_Data for this task_
%%
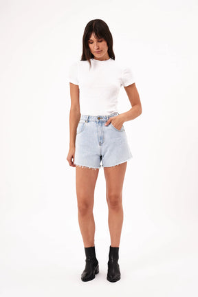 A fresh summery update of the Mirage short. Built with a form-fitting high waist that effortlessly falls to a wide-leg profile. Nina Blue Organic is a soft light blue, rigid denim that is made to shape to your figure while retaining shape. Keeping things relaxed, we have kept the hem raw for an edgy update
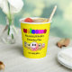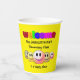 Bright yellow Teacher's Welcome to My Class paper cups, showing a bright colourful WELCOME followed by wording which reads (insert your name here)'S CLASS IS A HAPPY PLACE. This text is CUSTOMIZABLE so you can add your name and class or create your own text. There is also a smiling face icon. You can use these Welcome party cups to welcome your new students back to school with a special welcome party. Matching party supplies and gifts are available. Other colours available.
%%
%%
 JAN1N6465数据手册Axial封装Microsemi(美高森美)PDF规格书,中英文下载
%%
%%
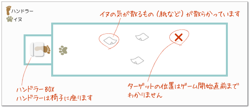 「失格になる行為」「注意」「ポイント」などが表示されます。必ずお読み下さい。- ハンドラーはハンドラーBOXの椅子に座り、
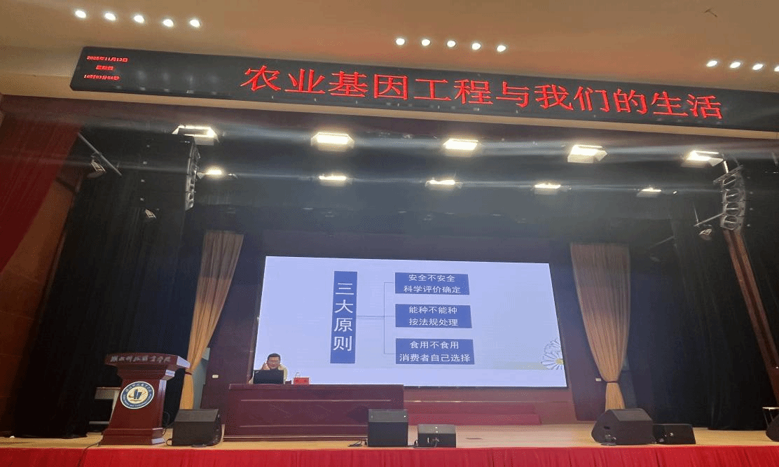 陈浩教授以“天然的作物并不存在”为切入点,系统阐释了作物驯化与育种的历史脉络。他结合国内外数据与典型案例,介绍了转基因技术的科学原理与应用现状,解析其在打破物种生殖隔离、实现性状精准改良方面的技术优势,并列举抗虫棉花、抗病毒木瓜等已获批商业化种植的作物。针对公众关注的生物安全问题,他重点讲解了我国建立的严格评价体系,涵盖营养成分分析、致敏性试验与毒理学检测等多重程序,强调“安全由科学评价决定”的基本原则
%%
Output exactly those lines of the data above that run from the line with "A fresh summery" up to and including the line with "Bright yellow Teacher's". No pictures go in.

_Task response_
 A fresh summery update of the Mirage short. Built with a form-fitting high waist that effortlessly falls to a wide-leg profile. Nina Blue Organic is a soft light blue, rigid denim that is made to shape to your figure while retaining shape. Keeping things relaxed, we have kept the hem raw for an edgy update
 Bright yellow Teacher's Welcome to My Class paper cups, showing a bright colourful WELCOME followed by wording which reads (insert your name here)'S CLASS IS A HAPPY PLACE. This text is CUSTOMIZABLE so you can add your name and class or create your own text. There is also a smiling face icon. You can use these Welcome party cups to welcome your new students back to school with a special welcome party. Matching party supplies and gifts are available. Other colours available.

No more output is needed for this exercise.